非同期関数(ここでは主にasyncで作られるFutureなもの)を途中で止めるにはどうしたらいいのか。
例えば、FlutterのページでFutureの結果を使って表示する状況では、その取扱いについてはある程度決まっている。例えばFlutter-非同期関数(async)の結果をウィジェットに表示する方法を参照。
そこで疑問に思ったのが、Futureが完了していない状態でページをpopなどで離れた場合、完了していないFutureはどうなっているのかというところ。
- 答えは「非同期状態で動き続ける」。
つまり、popでページを戻してもFutureな関数は動き続けているのである。
動き続けるFuture
例えば以下の様なページ。
このページに入るとgenerateSupplyという非同期関数が動作するのだが、定期的にデバッグ用のプリントを表示するようにしているものになっている。
ページに入ってすぐに戻っても、非同期関数は動き続け、デバッグ用のプリント出力し続けることが分かると思う。
「CLOSE TO ROUTE」がこのページから抜けたことを表しているのだけど、それ以降もプリントし続ける。
このような非同期関数を実装を変えずに外部から止める方法はあるのか。
- ありません。
以下の様にIssuesにあげられているのだけど、たぶん対応はされないだろうという内容で締めくくられている。
上のIssueを読む前に、止める方法があるのか検証した結果が以下の物。
timeoutを使ってみる
Futureにtimeoutというのがあって、これを使えば非同期関数が何らかの方法で止められるのではないかと思った。
作ったサンプルはこちら。
想定していた動きは、timeoutで指定した時間が過ぎたらFutureのthenあたりが呼び出されるかなと思ったのだけど、結果としては非同期関数は動き続けている。
timeoutはFutureを監視しているわけではなく、指定した時間までにFutureが完了していないと、onTimeoutで指定した値を返すといったもので、裏ではFutureは動き続ける。
asyncパッケージのCancelableCompleter
stackoverflowなどを見ると、キャンセルしたいのであればこれを使え、と書かれているのだけど、サンプルはないけどこちらも基本的にFuture(非同期関数)を止めるわけではない。
意味合い的にはasync中のCompleterにキャンセルという属性を持たせたようなものだった。
そのため、こちらもキャンセルを呼び出してもFuture自体は動き続けている。
非同期関数(Future)を止めるには
非同期関数内でキャンセルするかどうかのフラグをチェックして、フラグがTrueの場合に関数から抜ける(などの処理を行う)というのが正しいやり方になる。
サンプルはこちら。
asyncパッケージを使用しているのでDartPadは使えないので、コードだけ。
[0]で出力しているのは全く止めていないもの。
[1]は途中で止めるのだけど、その方法としてパラメータで渡したList<bool>を使ったやり方。
この方法は、非同期関数単独の場合に、外側で用意したList<bool>を通してfor文から抜け出すという方法。
[3]はCancelableCompleterを使ったやり方。
実際にはクラス化してcancelメソッドを呼び出した場合にキャンセルフラグが立ったのを非同期関数で見るようにしている点。
CancelableCompleterでなくてもクラス化した中でフラグ等を利用するやり方でも問題はないと思う。
補足
上記の様にフラグを保持してFutureを止めるという方法を実行できるのだけど、それはフラグを検知可能な範囲でのこと。

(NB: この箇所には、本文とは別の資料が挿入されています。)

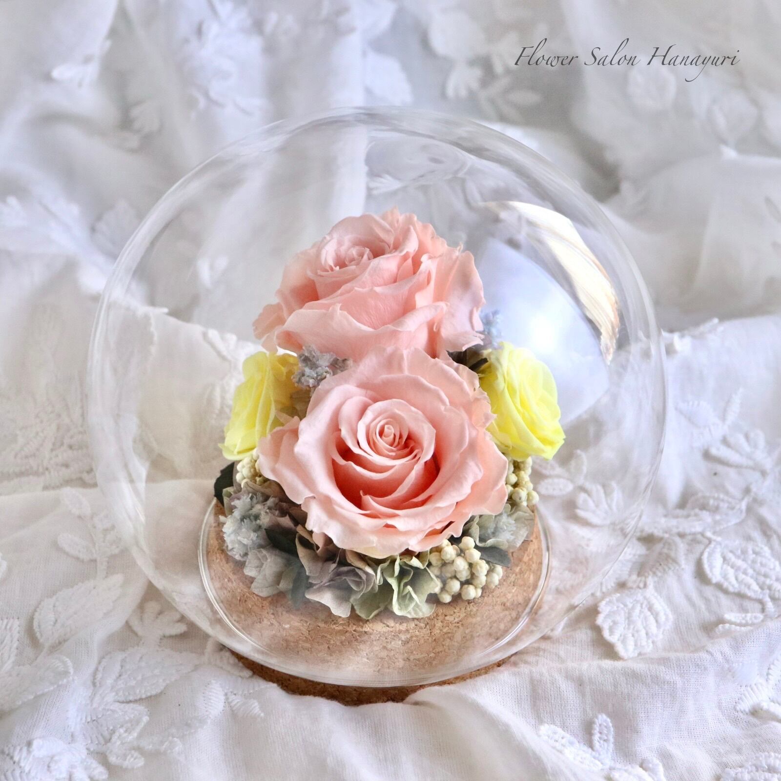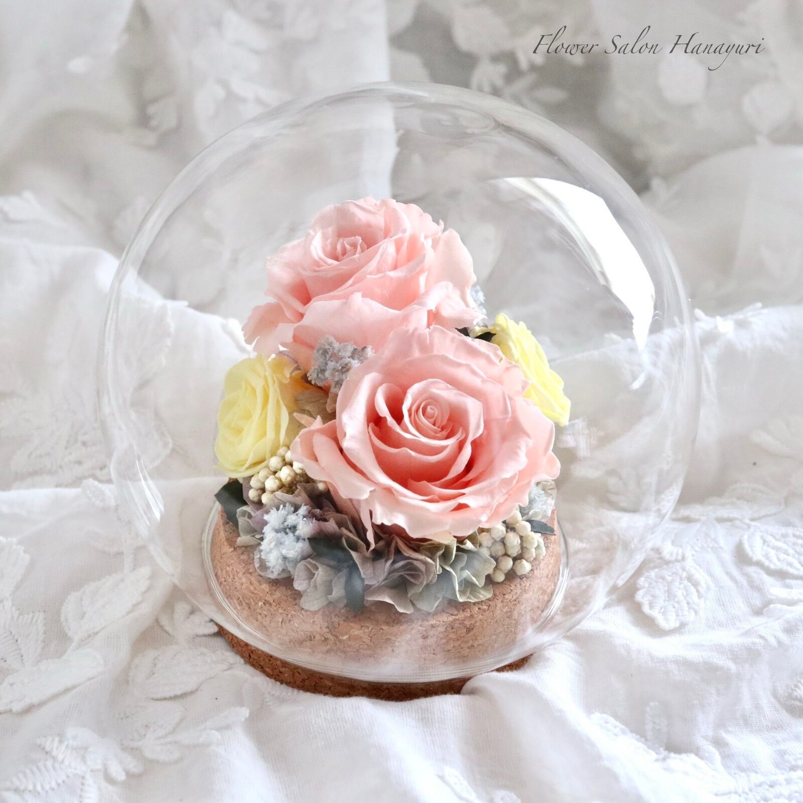 10年以上もお楽しみいただけるガラスの中のプリザーブドフラワー。

例えば、非同期関数内で呼び出している非同期関数に関しては止めることができない。
そのため、止めたいような非同期関数、例えば処理時間がかかるようなものについてはIsolateを使うのが良いのではないかという結論になる。
Isolateを使って処理中の関数を止める
結局、何が何でも止めるのだ、というのにはIsolateを使ってスレッド自体を止めてしまうという方法しかなかった。
標準のIsolateを使うと実装が面倒なので、そこは既存のパッケージを使う。
一番よさそうなのがworker_manager。
Executorのexecuteで実行する関数を設定することで、その関数を呼び出せる。
リターンで取得したCancelableにはcancelメソッドがあるので、それを呼び出すことで実行中の関数が途中で停止することができる。
別スレッドでの実行なので、メインスレッド側で持つ情報のやり取りなどが面倒だけど、停止可能ということに関しては使うメリットはあるかも。